Everything has a failure rate. This introduces another set of heuristics (and another false-{positive,negative} rate), another set of potential implementation bugs in those heuristics. What if being able to run the program on a particularly memory-limited computer could save the universe, even more slowly than the project manager originally wanted it to run?

Statically encoding something like a memory constraint sounds very hard for all but the simplest algorithms. What about a randomized algorithm that sometimes uses more heap? How do you get around not knowing how much it's going to use without running it?

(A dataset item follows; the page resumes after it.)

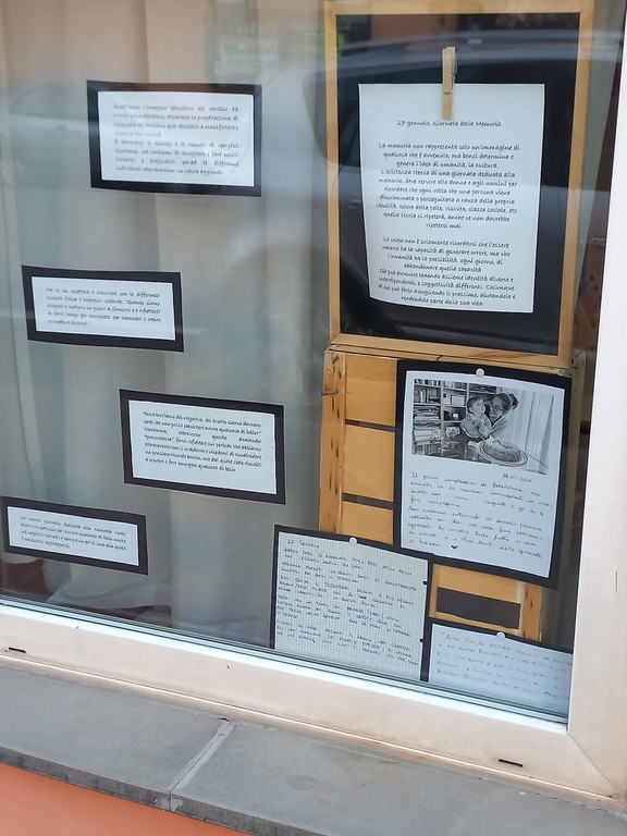 Ancora un gran bel lavoro da parte delle educatrici del nido d'infanzia Abbracciaperte di San Bartolomeo al Mare. In occasione della Giornata della Memoria, ogni famiglia ha portato al Nido un pensiero scritto accompagnato da uno o più oggetti rappresentanti la loro memoria. Le educatrici hanno parlato con i bambini e le bambine durante l’assemblea del mattino e con loro hanno realizzato l'allestimento delle vetrate.

Allocate for the worst case use in the bss. The program's static size indicates explicit memory requirements.
That's Design-by-Contract. On checking side, one can generate tests from specs, static analysis, turn them plus code into verification conditions to feed to solvers, or inputs to theorem prover for handling complex stuff. Eiffel implements DbC with test generation. SPARK Ada does automated and manual proofs. Ada 2012 added contracts but idk tool support. Many languages have ways of emulating this functionality, too.

What you're describing is essentially a proven, lightweight, formal method for improving software quality. Many commercial apps use it.

indeed, very few programming languages actually do that, and you're probably running the language on top of another language that has flawed guarantees on those constraints. Or hardware. How do you guarantee your program hasn't gone rogue if you can't guarantee the bits in your memory.
Yeah, this would be the question for fault tolerance and the whole world of distributed systems that inevitably comes with it.